Compartíamos el dolor como se comparte la fe. Esta frase de una canción de Rufus T.Firefly creo que resume el momento exacto en el que me encuentro y en el que se encuentra el Atleti. Venimos de perder una final de Copa del Rey, de compartir juntos ese dolor, pero ahora tenemos que compartir la fe de llegar a Budapest.

Hay derrotas que no se analizan: se sienten. Y la de la final dolió porque había ilusión (y exceso de confianza). Dolió como duelen las cosas que de verdad importan. La Real Sociedad la quiso más en ese momento y se la llevó. Así de simple, así de crudo.

Ahora toca lo que tantas veces hemos hecho: curar las heridas sin dejar de sentir. Permitirse el enfado, la tristeza, incluso la desconexión. Cada uno gestiona la derrota como puede, como sabe, como le sale. Y todo es válido. Porque perder quema. Y mucho.

Es lógico seguir triste e incluso decepcionado. Pero aún seguimos caminando. El Atleti va a jugar su séptima semifinal de Champions en sus 123 años de historia. Han pasado nueve años desde la última y siempre que ha sido con un equipo de Simeone hemos presenciado historia. Son datos lo suficientemente gigantescos para entender el momento que nos ha tocado vivir.

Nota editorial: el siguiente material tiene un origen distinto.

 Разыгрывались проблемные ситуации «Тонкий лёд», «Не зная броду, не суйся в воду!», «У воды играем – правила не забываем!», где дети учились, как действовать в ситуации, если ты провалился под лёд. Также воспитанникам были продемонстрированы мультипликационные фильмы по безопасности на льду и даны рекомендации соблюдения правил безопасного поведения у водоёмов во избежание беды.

En 2014 se nos ‘robó’ la semifinal en casa con un 0-0 sin recuerdos y emociones, pero que sí dejó una victoria histórica en Stamford Bridge; de la de 2016 aún se sigue viendo a Saúl regatear alemanes por la zona del Manzanares; y la última es uno de los recuerdos de pertenencia, bajo la lluvia de Madrid (mientras otros se ponían chubasqueros), más únicos y puros del fútbol.

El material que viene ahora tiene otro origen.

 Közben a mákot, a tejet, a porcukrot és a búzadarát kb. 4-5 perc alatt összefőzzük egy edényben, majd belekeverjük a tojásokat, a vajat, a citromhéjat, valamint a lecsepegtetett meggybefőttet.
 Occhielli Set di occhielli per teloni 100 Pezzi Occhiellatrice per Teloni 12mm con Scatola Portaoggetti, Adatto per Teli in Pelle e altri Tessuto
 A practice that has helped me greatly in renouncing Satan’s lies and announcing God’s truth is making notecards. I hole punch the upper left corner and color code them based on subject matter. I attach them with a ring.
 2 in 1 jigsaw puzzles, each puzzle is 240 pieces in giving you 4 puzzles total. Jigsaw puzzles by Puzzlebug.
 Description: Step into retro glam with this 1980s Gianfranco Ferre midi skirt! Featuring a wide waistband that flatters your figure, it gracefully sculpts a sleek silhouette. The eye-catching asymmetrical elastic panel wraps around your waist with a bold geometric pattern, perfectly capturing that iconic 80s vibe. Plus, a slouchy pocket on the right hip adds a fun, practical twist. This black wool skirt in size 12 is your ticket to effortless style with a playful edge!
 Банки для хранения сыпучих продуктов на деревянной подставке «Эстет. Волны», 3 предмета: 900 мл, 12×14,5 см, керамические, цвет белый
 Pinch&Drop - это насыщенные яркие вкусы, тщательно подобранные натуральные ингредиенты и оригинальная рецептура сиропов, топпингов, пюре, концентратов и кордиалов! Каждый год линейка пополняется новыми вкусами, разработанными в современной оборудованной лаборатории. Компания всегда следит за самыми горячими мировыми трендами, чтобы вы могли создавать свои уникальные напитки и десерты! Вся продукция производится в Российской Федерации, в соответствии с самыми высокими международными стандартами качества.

Creo que el camino correcto, viendo los antecedentes, pasa por seguir disfrutando e ilusionándose. Quedan días para pasar el luto, pero la historia (y la Champions) no entiende de pausas o desgana. Te arrolla. Ya se vio en la vuelta de semifinales de Copa del Rey del año pasado tras el atraco del ‘doble toque’ de Julián en Champions.

Ahora el rival viene otra vez desde Londres como en 2014. El Arsenal es un equipazo y el reto es mayúsculo. Ellos son los favoritos, pero el Metropolitano golpeará primero. Llegar a Budapest pasa por convertir Madrid en una ventaja decisiva. De lo contrario, la capital húngara será inalcanzable.

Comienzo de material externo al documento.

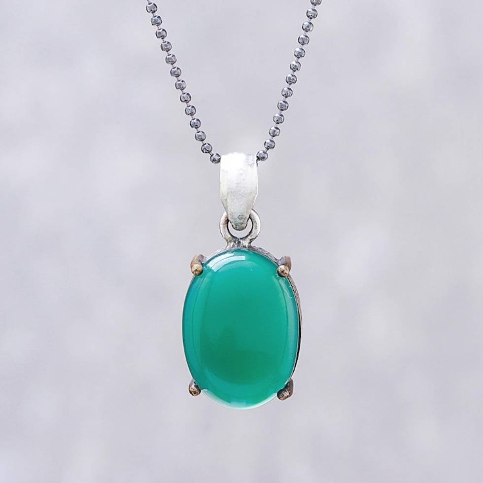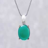 Green Onyx Oval and Sterling Silver Pendant Necklace 'Shamrock Pool' Item ID: 2671799085
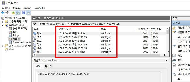 시스템 이벤트 중 이벤트 ID 7001을 4624와 함께 확인하면 훨씬 확실한 증거를 확보할 수 있다. 7001 이벤트는 4624 로그온 기록과 더불어, 시스템 차원의 전원 켜짐·꺼짐 시점을 보여주기 때문에 무단 사용 여부를 교차 검증하는 데 유용하다. 방법은 간단하다. 처음과 마찬가지로 왼쪽 창에서 [Windows 로그 → 시스템]으로 이동한다. 이어서 오른쪽의 [현재 로그 필터링]을 클릭하면 동일한 팝업 창이 뜨는데, 이번에는 [원본을 Winlogon]으로 지정하면 된다.
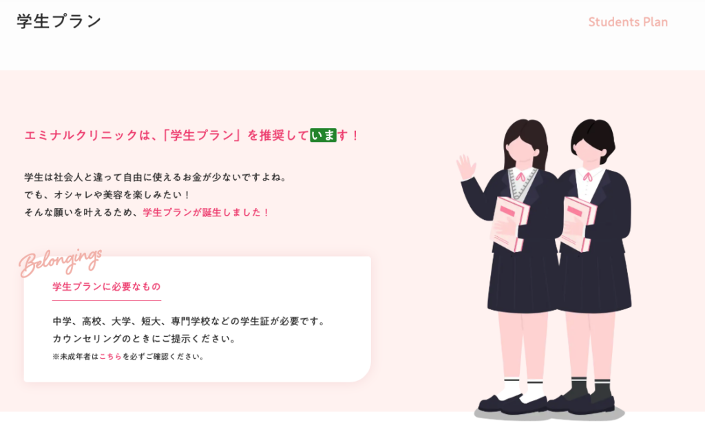 | ペア割 | エミナルクリニックに初来院&2名以上で同時カウンセリング&当日契約で割引 | |
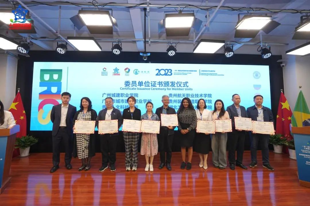 学院建筑工程系主任朱贤广受邀带队参会,并代表学院接受一带一路暨金砖国家技能发展国际联盟颁发的委员单位证书,学院当选“一带一路暨金砖国家技能发展国际联盟工程建造技术专业委员会委员单位”。
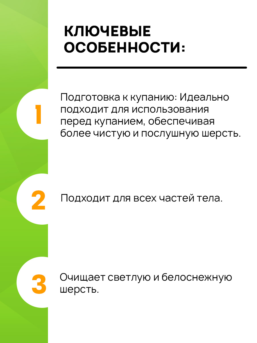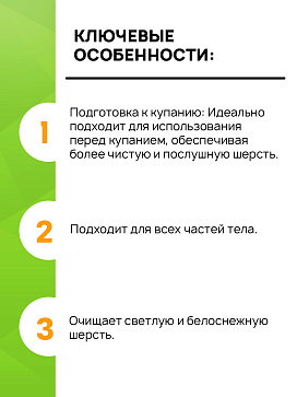 - Подготовка к купанию: Идеально подходит для использования перед купанием, обеспечивая более чистую и послушную шерсть.
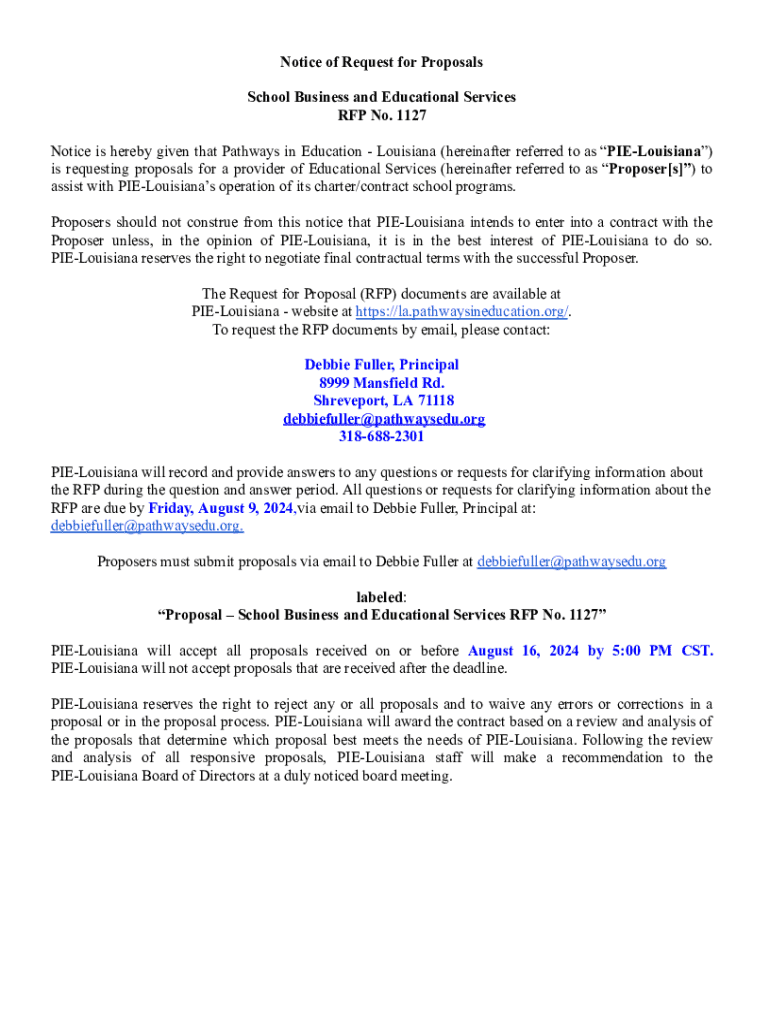 Get the free Notice of Request for Proposals

El Metropolitano recibirá antes el sábado a los suyos contra el Athletic Club. El equipo tiene que devolver el apoyo y el cariño de una afición que nunca le ha fallado. No dudo que lo harán, han demostrado (pese a la gris final) que esta temporada tienen capacidad de reacción y grados de personalidad. Pero cada atlético tendrá que poner de su parte. No dudo que lo haremos.

Así que sí: desconectad si lo necesitáis. Seguid pasándolo mal unos días. Lameros las heridas, pero luego volved. ¿No será más lógico devolver el golpe que hundirse temblando?

No cometamos el error de dejar que una derrota nos robe lo que viene. Porque lo que viene es enorme. Y lo vamos a vivir como merece.